Dozens of organizations—including scientific, environmental, and public health groups—are calling on President Donald Trump to rescind his 14 June 2019 executive order that limits the number of Federal Advisory Committee Act (FACA) advisory committees.
“By requiring elimination of one-third of existing advisory committees and capping the total number of committees at 350, the order would arbitrarily eliminate essential advice that informs government decisionmaking,” states a 4 October letter signed by 77 groups, including the Consortium for Ocean Leadership (COL), Natural Resources Defense Council, and Union of Concerned Scientists (UCS).

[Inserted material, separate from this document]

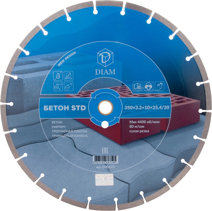 Алмазный отрезной круг Diam STD 1A1RSS Бетон 350 мм (Диам СТД 1А1РСС Бетон 350 мм) – сегментный алмазный диск для сухой резки бетона, кирпича, тротуарной плитки, природного камня, без водяного охлаждения.

FACA committees provide important outside expertise to federal agencies on a broad range of issues, including science, energy, medicine, and the arts. The executive order states that criteria for potential termination include whether the committees’ stated objectives have been accomplished and whether operation costs for committees are considered excessive in relation to their benefits to the federal government.
Committees Have Been a “Bargain for Taxpayers”
The convening of experts “to deliberate on pressing matters is a bargain for taxpayers,” the letter states. “The removal of advisory committees across the government without a compelling rationale is a threat to a vital independent source of information and deliberation.”
Currently, two committees already have been confirmed as being cut, according to Genna Reed, a lead science and policy analyst at the UCS Center for Science and Democracy. Those two are the Invasive Species Advisory Committee at the Department of the Interior and the Marine Protected Areas Federal Advisory Committee at the Department of Commerce. Reed determined that those committees were cut by their inclusion on a 29 September 2017 executive order continuing their functions but not on a similar 27 September 2019 order. The 14 June executive order that requires the termination of at least a third of federal advisory committees set a 30 September deadline for federal agencies to comply with the order.
Reed thinks other cuts have been made and committee members have been or will be informed. She says she thinks the public will find out about further FACA cuts “in a piecemeal way.”
“The fact that the agencies haven’t put out a public list of advisory committees that they cut is telling. It shows that they understand that there is a public backlash and that these cuts that they are engaging in are inappropriate and unwarranted,” Reed said.
The executive order “is part of this administration’s track record with failing to listen to its own scientists and failing to listen to its external experts who have different opinions perhaps, or inconvenient information that would be disruptive to the administration’s agenda,” she said.
Jon White, president and CEO of COL, said that FACA committees are the best means to ensure that the brightest scientists in the world “are being used to make the best possible decisions by our government. If we don’t have them, then we are losing an incredibly valuable part of our [capability] to inform our future and help us to navigate effectively and safely and not run aground.”
White said he doesn’t accept the rationale that these committees should be cut because of their costs. “I don’t know what the reasoning is, but I don’t buy that,” he said.
He added, “I don’t know of any [committees] that I would offer up to actually cut. It’s a huge concern for the scientific community and, I think, for our nation as well.”
Some members of Congress have raised concerns about the executive order. Rep. Eddie Bernice Johnson (D-Texas), chair of the House Committee on Science, Space, and Technology, questioned the executive order in 12 July letters to a number of federal science agencies. Rep. Sean Casten (D-Ill.) introduced the Preserve Science in Policymaking Act of 2019 on 27 September. The bill would “prohibit the termination of advisory committees before the end of their charter unless authorized by law, and for other purposes.”
The elimination of FACA committees “is going to continue to be an area that Congress is interested in doing oversight on,” Reed, from UCS, said. “There really should be a concerted federal effort to look at how and why agencies are making decisions to cut these advisory committees and what kind of impact these cuts are going to have on the quality of government decisions.”